Milenko Sebić

Personal information
- Born: 30 December 1984 (age 41) Trstenik, SR Serbia, SFR Yugoslavia
- Height: 1.97 m (6 ft 6 in)
- Weight: 93 kg (205 lb)

Sport
- Country: Serbia
- Sport: Sports shooting
- Events: 10 metre air rifle; 50 metre rifle three positions;
- Club: Crvena Zvezda

Medal record
Men's shooting
Representing Serbia
Olympic Games
| Bronze medal – third place | 2020 Tokyo | 50m rifle 3 positions |
World Championships
| Bronze medal – third place | 2014 Granada | 50m rifle prone team |
| Bronze medal – third place | 2022 Cairo | 10 metre air rifle team |
European Games
| Bronze medal – third place | 2023 Kraków-Małopolska | 50 m rifle 3 positions team |
ISSF World Cup Final
| Silver medal – second place | 2019 Putian | 50m rifle 3 positions |
ISSF World Cup
| Silver medal – second place | 2016 Munich | 50m rifle 3 positions |
| Bronze medal – third place | 2021 Osijek | 10m air rifle team |
European Championships
| Gold medal – first place | 2009 Osijek | 50m rifle prone team |
| Silver medal – second place | 2021 Osijek | 10m air rifle team |
| Silver medal – second place | 2019 Osijek | 10m air rifle team |
| Silver medal – second place | 2017 Maribor | 10m air rifle team |
| Bronze medal – third place | 2007 Granada | 50m rifle 3 positions team |
| Bronze medal – third place | 2025 Châteauroux | 50 m Rifle 3 Positions Team |
Mediterranean Games
| Gold medal – first place | 2022 Oran | 10 m air rifle |
Universiade
| Silver medal – second place | 2007 Bangkok | 50m rifle 3 positions |

= Milenko Sebić =

Serbian sports shooter (born 1984)

Milenko Sebić (Миленко Себић; born 30 December 1984) is a Serbian sports shooter. He won a bronze medal in men's 50 metre rifle 3 positions at the 2020 Summer Olympics.

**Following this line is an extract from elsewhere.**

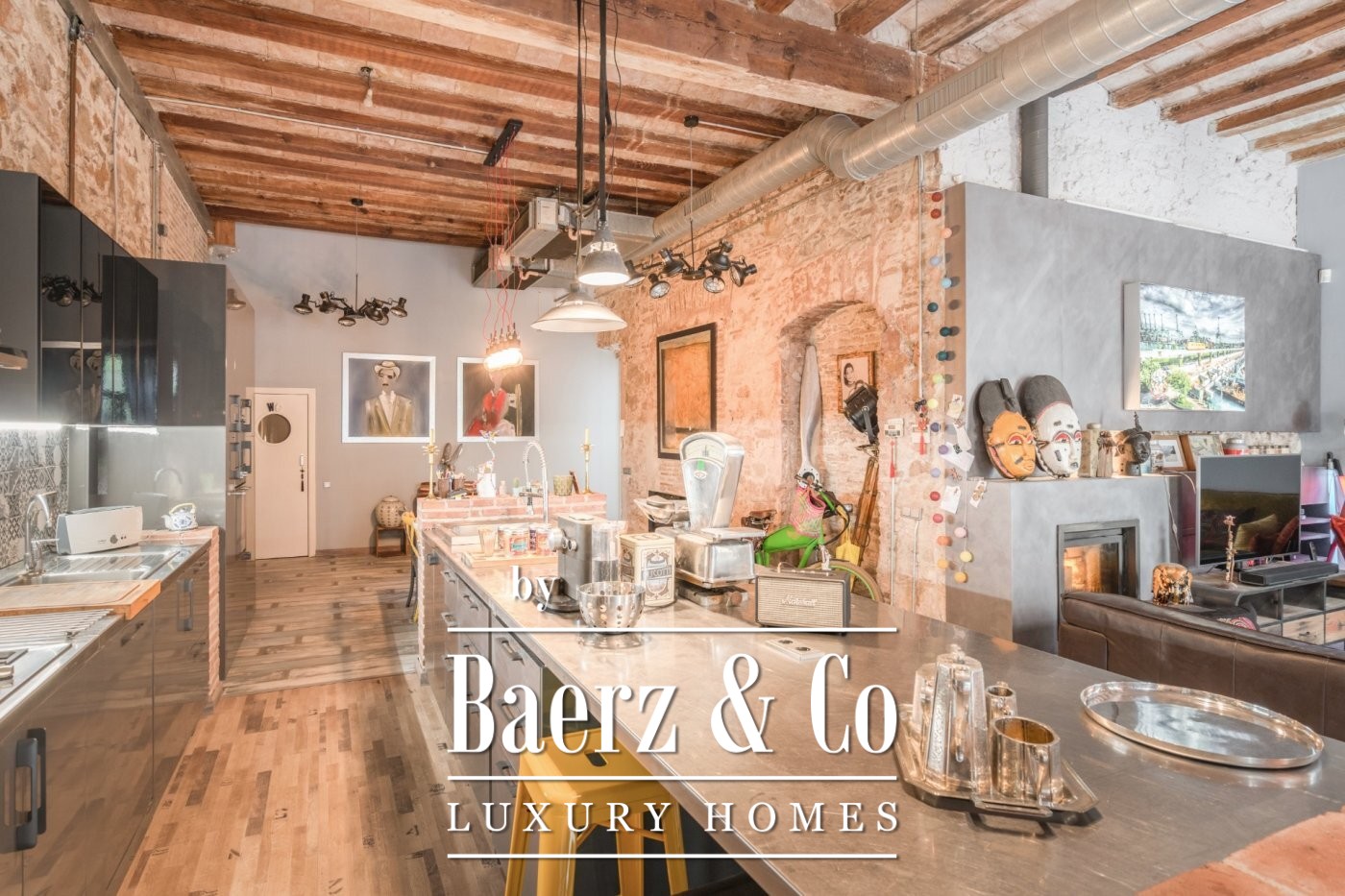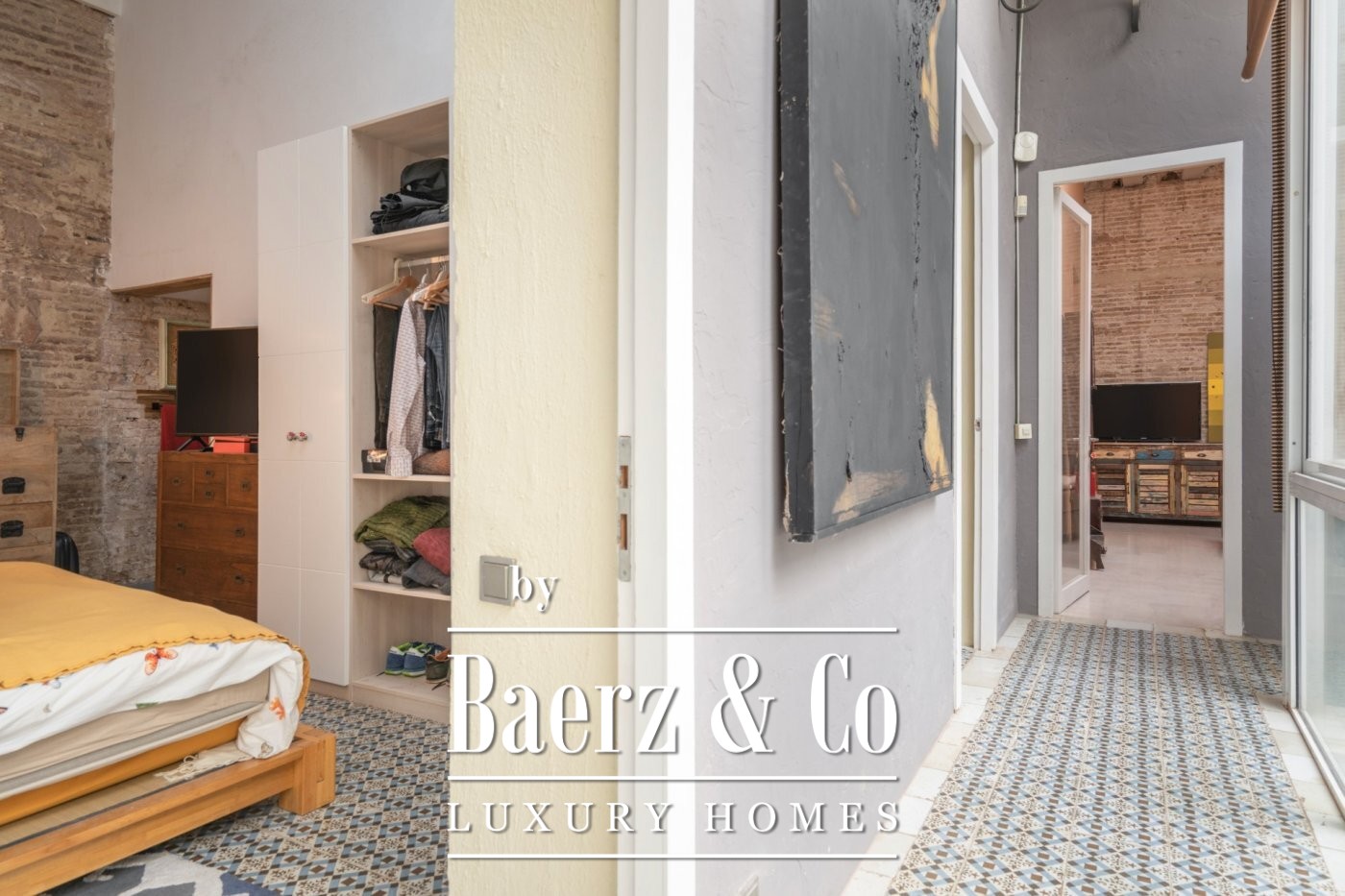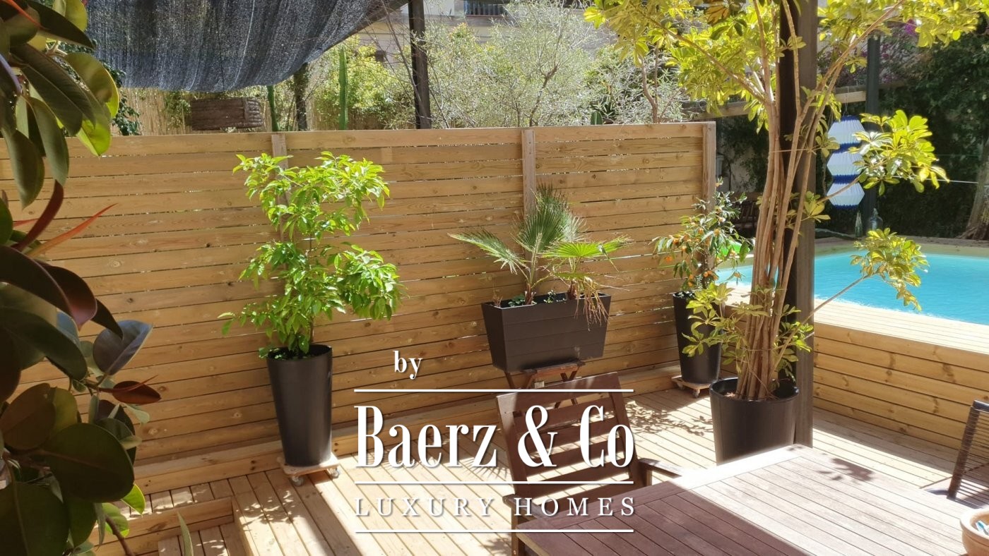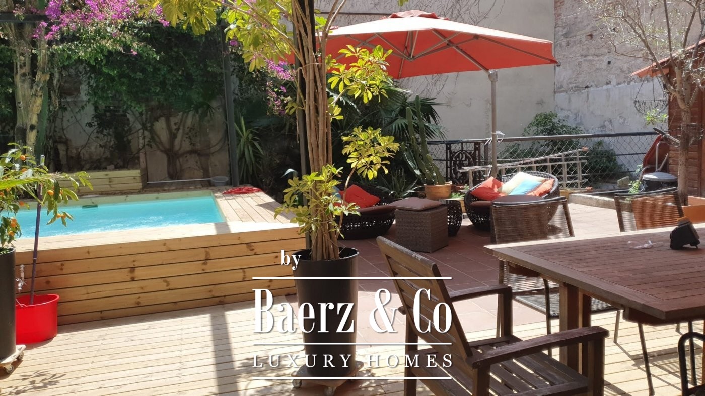 . . This catalan style apartment consists of 218 m2 plus 74 m2 of private terrace with pool. Upon entering, we find a corridor with huge windows that overlooks a large interior patio offering the space plenty of natural light. Ithis area connects the three double bedrooms; each one with its private bathroom, and another room that acts as a large multifunctional space that can perfectly be used as an office space.. . Following the corridor we find the day area, a huge and spacious space with very high ceilings up to 5 meters, composed of a large open kitchen, original brick walls and tiles, a toilet and a beautiful living room with a (wood) fireplace from which you can access the wonderful terrace with a pool shared with the neighbour next door. The terrace is private and is recently restored with new roofing to guarantee privacy. The whole house was completely renovated keeping original elements and decorated with great

Sebić was part of the Serbian national team that won a gold medal in 50 metre rifle prone at the 2009 European Shooting Championships and a bronze medal in 50 metre rifle 3 positions event in 2007. He won a silver medal at the 2007 Summer Universiade in Bangkok in 50m rifle 3 positions event. He also competed in the men's 10 metre air rifle and men's 50 metre rifle 3 positions events at the 2016 Summer Olympics.

==Personal life==
In October 2014, Sebić married Russian sports shooter Alina Sebić (née Andreeva).